───── Exercise data

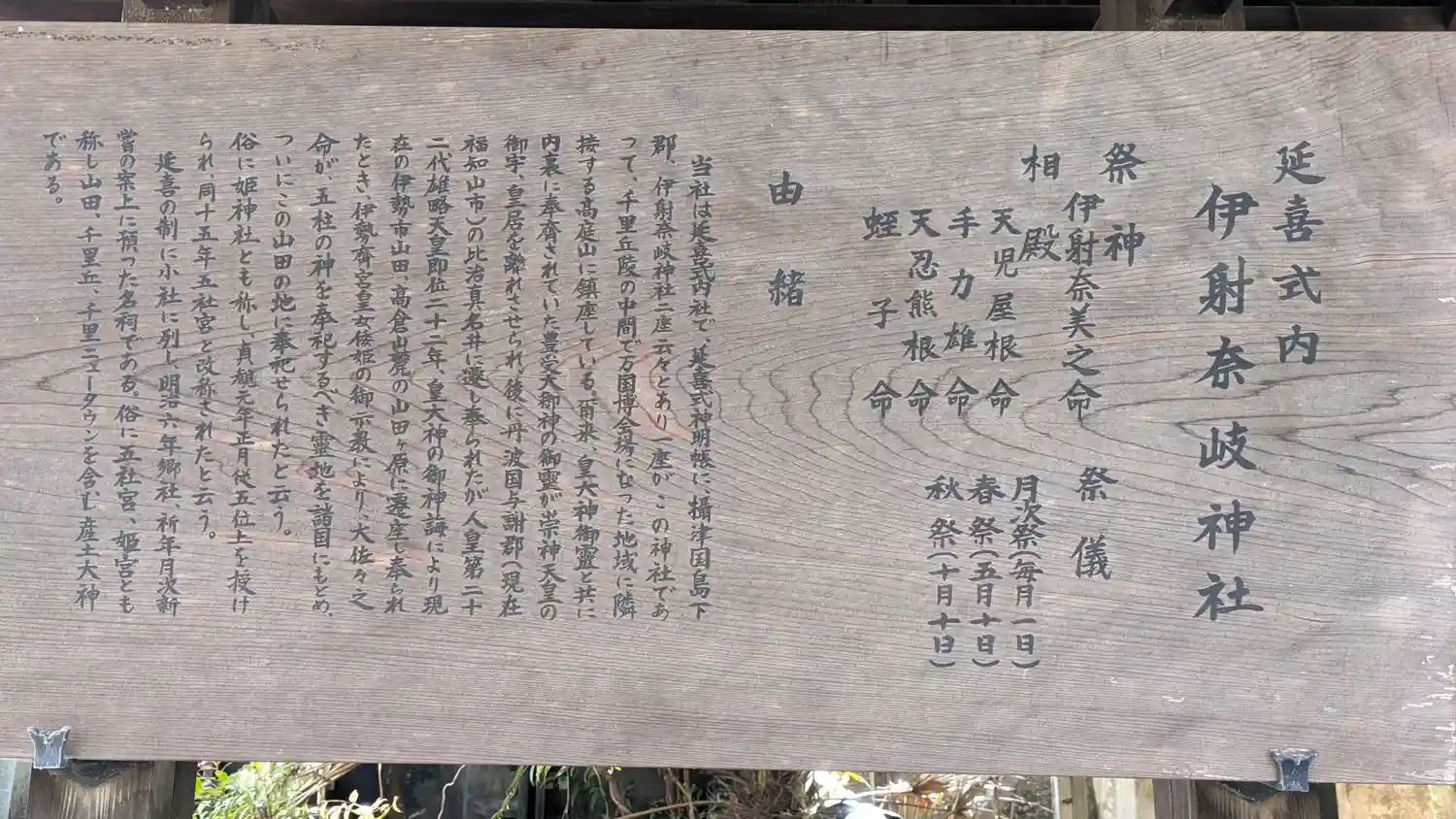 「伊射奈岐神社 一座」と書かれています。『延喜式』神名帳には「二座」と載っていることから、御祭神が分かれて祀られていることを示しています。
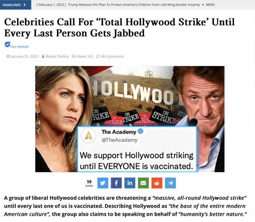 Celebrities call for ‘Total Hollywood Strike’ Until Every Last Person Gets Jabbed
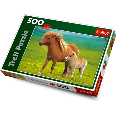 Puzzle Trefl Kucyki na Łące 500 elementów pozwalają na ułożenie obrazka przedstawiającego dwa kucyki pasące się na łące. Mama kucyk z młodym pięknie prezentują się na tle zielonej łąki pokrytej żółtymi mleczami. Ta logiczna układanka, gdzie składowe elementy pasują do siebie w jeden niepowtarzalny sposób, rozwija wyobraźnię i logiczne myślenie.
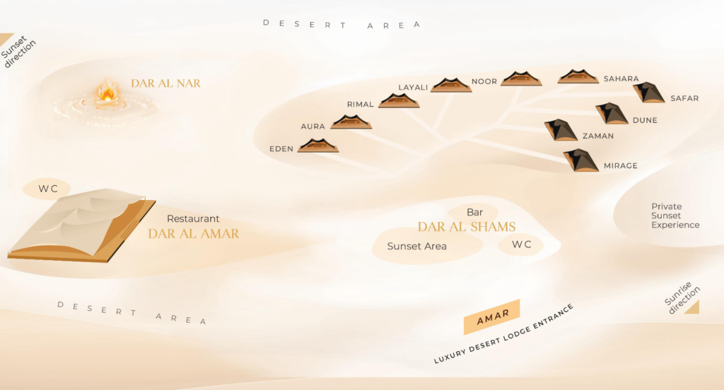 Il viaggio si arricchisce di un momento esclusivo: un pernottamento indimenticabile all’AMAR LUXURY DESERT ECOLODGE, tra le dune dorate, con attività al tramonto e cena gourmet sotto le stelle
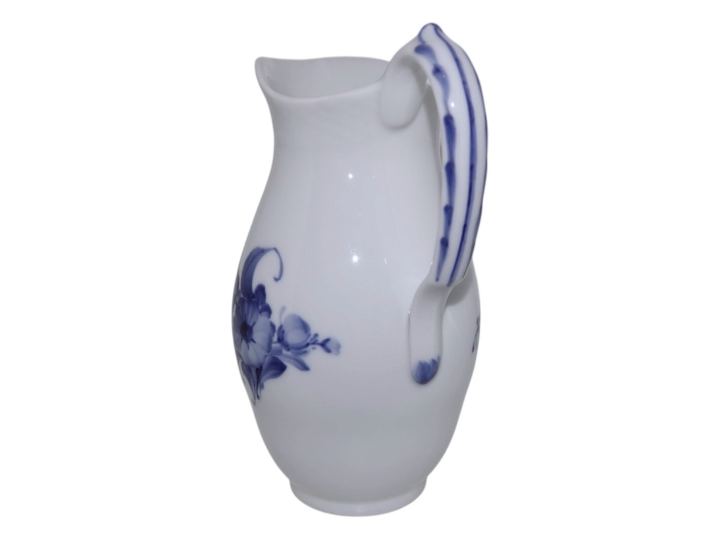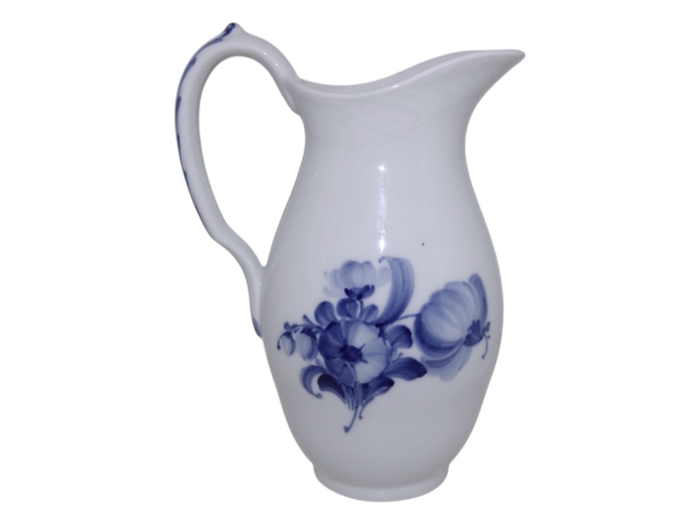 Royal Copenhagen Blå Blomst Flettet, stor mælkekande.Af fabriksmærket kan det udledes, at denne er produceret i mellem 1898 og 1923.
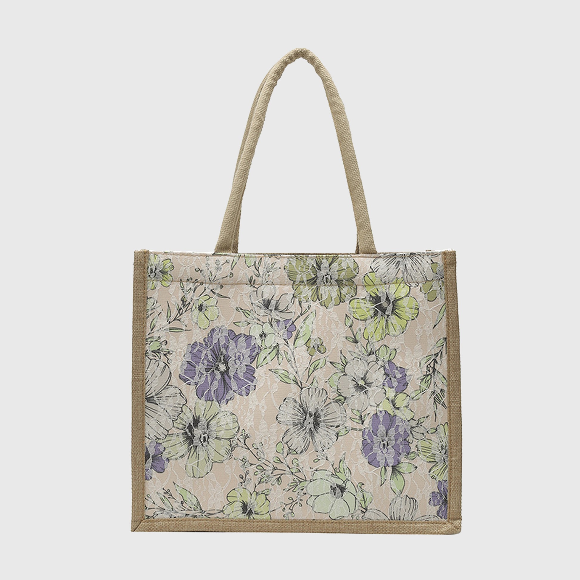 Floral Linen-Polyester Tote Bag-Lightweight Floral Print Shopping Bag
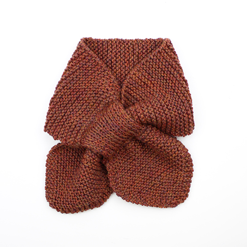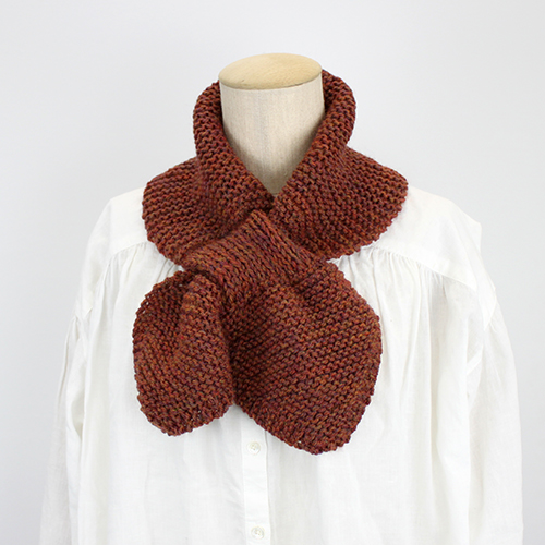 木の葉がそっと重なるように 交差して巻くマフラーは どこか懐かしいデザイン。 寒い日は、家でも巻いて温もりましょう。 ブリティッシュエロイカとともに掲載作品 素材:ウール100%(英国羊毛50%以上使用) 使用針:棒針:9号 サイズ:幅14cm 長さ79.5cm * 同品種(ブリティッシュエロイカ)での、お色変更も可能です ご希望の場合は、コメント欄にお色変更の詳細を入力してください(在庫がある色に限ります)
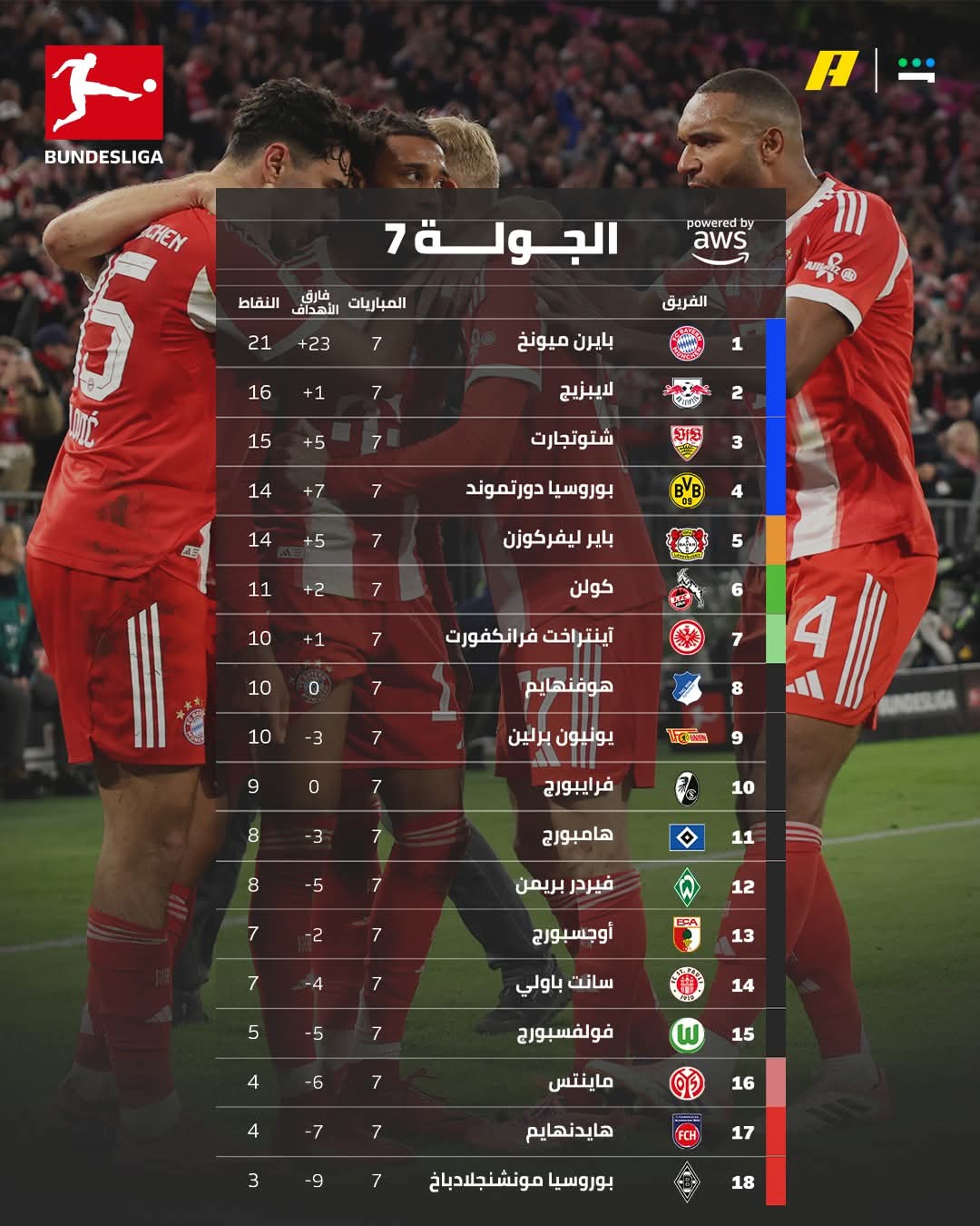 بايرن ميونخ بالعلامة الكاملة، ترتيب الدوري الألماني بعد الجولة السابعة

──────────

Your objective:
Excluding the pictures, write out exactly the lines from the line that contains "Puzzle Trefl Kucyki" through the end of the records.

Task output:
 Puzzle Trefl Kucyki na Łące 500 elementów pozwalają na ułożenie obrazka przedstawiającego dwa kucyki pasące się na łące. Mama kucyk z młodym pięknie prezentują się na tle zielonej łąki pokrytej żółtymi mleczami. Ta logiczna układanka, gdzie składowe elementy pasują do siebie w jeden niepowtarzalny sposób, rozwija wyobraźnię i logiczne myślenie.
 Il viaggio si arricchisce di un momento esclusivo: un pernottamento indimenticabile all’AMAR LUXURY DESERT ECOLODGE, tra le dune dorate, con attività al tramonto e cena gourmet sotto le stelle
 Royal Copenhagen Blå Blomst Flettet, stor mælkekande.Af fabriksmærket kan det udledes, at denne er produceret i mellem 1898 og 1923.
 Floral Linen-Polyester Tote Bag-Lightweight Floral Print Shopping Bag
 木の葉がそっと重なるように 交差して巻くマフラーは どこか懐かしいデザイン。 寒い日は、家でも巻いて温もりましょう。 ブリティッシュエロイカとともに掲載作品 素材:ウール100%(英国羊毛50%以上使用) 使用針:棒針:9号 サイズ:幅14cm 長さ79.5cm * 同品種(ブリティッシュエロイカ)での、お色変更も可能です ご希望の場合は、コメント欄にお色変更の詳細を入力してください(在庫がある色に限ります)
 بايرن ميونخ بالعلامة الكاملة، ترتيب الدوري الألماني بعد الجولة السابعة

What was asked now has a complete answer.